Mr. Obama added a new flourish to his stump speech, promising for the first time on Tuesday to double federal spending on public charter schools while holding those with poor records accountable.

But more than most campaign blueprints, Mr. Obama’s education plan reflects his own work with Chicago’s public schools, campaign staff members and people who have worked with him said in interviews. His plan signals that he is looking to apply those lessons nationwide.

“Barack has been very engaged, very inquisitive about the dynamics of how do you improve public schools,” said Scott Smith, a former publisher of The Chicago Tribune who has collaborated with Mr. Obama on education projects here for a decade.

One of the biggest lessons Mr. Obama drew from his experiences in Chicago, associates said, is that student achievement is highly dependent on teacher quality.

In the two decades since Mr. Obama arrived in Chicago, its public schools have undergone a sweeping turnaround, from an education wasteland to a district that, while still facing major challenges, is among the most improved in the nation. The city has closed many failing schools and reopened them with new staffs, making it an important laboratory for one of the country’s most vexing problems.

The city closed the failing Dodge Elementary School, for example, in 2002 and reopened it as an academy where candidates for advanced degrees in education work in classrooms under master teachers while studying at a local university. Mr. Obama visited the school in 2005, liked what he saw and now proposes to create 200 such teacher residency programs nationwide. The goal, he says, would be to turn out 30,000 teachers a year to work in the toughest schools.

Mr. Obama’s views have drawn heavily from a cast of experts who helped mold the Chicago experience. Strategies for overhauling failing schools have come from Arne Duncan, who as chief executive of the Chicago public schools led the turnaround efforts. The senator derived his views on early childhood education in part from the work of a Nobel Prize-winning economist based in Chicago.

The scope of Mr. Obama’s plan has impressed many educators, but not everyone.

Michael J. Petrilli, a former Education Department official under Mr. Bush, said Mr. Obama’s plan was more comprehensive than Mr. McCain’s.

“That’s because Obama is proposing what somebody called a Christmas tree of new programs,” Mr. Petrilli said. “McCain is suggesting a couple of new things, but doesn’t think Washington should spend more on education than we already are.”

Mr. Obama’s interest in education extends back to his work as a community organizer here in the mid-1980s. In his memoir, “Dreams From My Father,” he describes a school system plagued by textbook shortages and teacher strikes. He carried those experiences with him to Harvard Law School, where he took courses on school issues taught by Christopher Edley Jr.

“Barack became committed to the notion that progress in school reform can’t come through volunteerism and professional aspiration alone,” said Mr. Edley, now dean of the law school at the University of California, Berkeley. “It has to be undergirded with a legal and regulatory structure that rewards success and goes after failure.”

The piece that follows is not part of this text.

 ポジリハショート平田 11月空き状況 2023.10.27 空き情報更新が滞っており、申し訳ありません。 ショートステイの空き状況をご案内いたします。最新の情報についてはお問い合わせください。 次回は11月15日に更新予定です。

Mr. Obama immersed himself in education issues after his return to Chicago, where he began lecturing at the University of Chicago Law School and joined the boards of two education foundations.

Chicago received $49 million from a $500 million endowment by Walter H. Annenberg, the billionaire publisher, for school reform efforts nationwide, and the city added $98 million in matching funds for the Chicago Annenberg Challenge, a philanthropic campaign that financed enrichment projects at a third of the city’s 600 schools.

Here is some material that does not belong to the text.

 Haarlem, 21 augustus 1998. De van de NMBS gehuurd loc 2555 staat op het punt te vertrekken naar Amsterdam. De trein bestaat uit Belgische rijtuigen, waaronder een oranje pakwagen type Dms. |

Mr. Obama was nominated to the Challenge board and was elected chairman in 1995, said Ken Rolling, executive director of the group, which operated through 2001. Mr. Obama continued to teach law during his five-year unpaid tenure as board chairman, and he was twice elected to the Illinois Senate.

Several board members, including two university presidents, far outranked Mr. Obama in education experience.

“Let me say the room had no shortage of egos, including my own,” said Stanley O. Ikenberry, a board member who at the time was president of the University of Illinois. “It was unusual: here you had a person trained in the law chairing a board on school reform.” Still, he said, Mr. Obama won his colleagues’ respect.

Supporters of Mr. McCain have been trying to taint Mr. Obama by highlighting his ties to William Ayers, a member of the violent Weather Underground in the 1960s, by pointing out that they worked on the Challenge project together. Mr. Ayers was indicted on conspiracy charges that were later thrown out for prosecutorial misconduct.

Mr. Obama has acknowledged that he is a friend of Mr. Ayers but has sought to minimize their interactions. Records show that Mr. Ayers, now a professor of education at the University of Illinois at Chicago, helped write the Challenge proposal. The records also show that he and Mr. Obama worked on the Challenge project together and that they attended some of the same meetings.

The Challenge’s overall approach — supporting many diverse education projects rather than a coordinated school improvement strategy — had been established before Mr. Obama was named board chairman, and the board came under immediate pressure to approve grant proposals quickly.

“If you throw $10 on the table in Chicago, people are going to fight over it, and we had $50 million,” Mr. Rolling recalled.

Proposals poured in and the board eventually financed projects involving 210 schools. Some were imaginative: one, for example, connected schools with museums in the Chicago area so that students learned science from a paleontologist at the local dinosaur exhibit. But many were not.

“The project proposals by and large were awful,” one board member told an evaluation team in 1998.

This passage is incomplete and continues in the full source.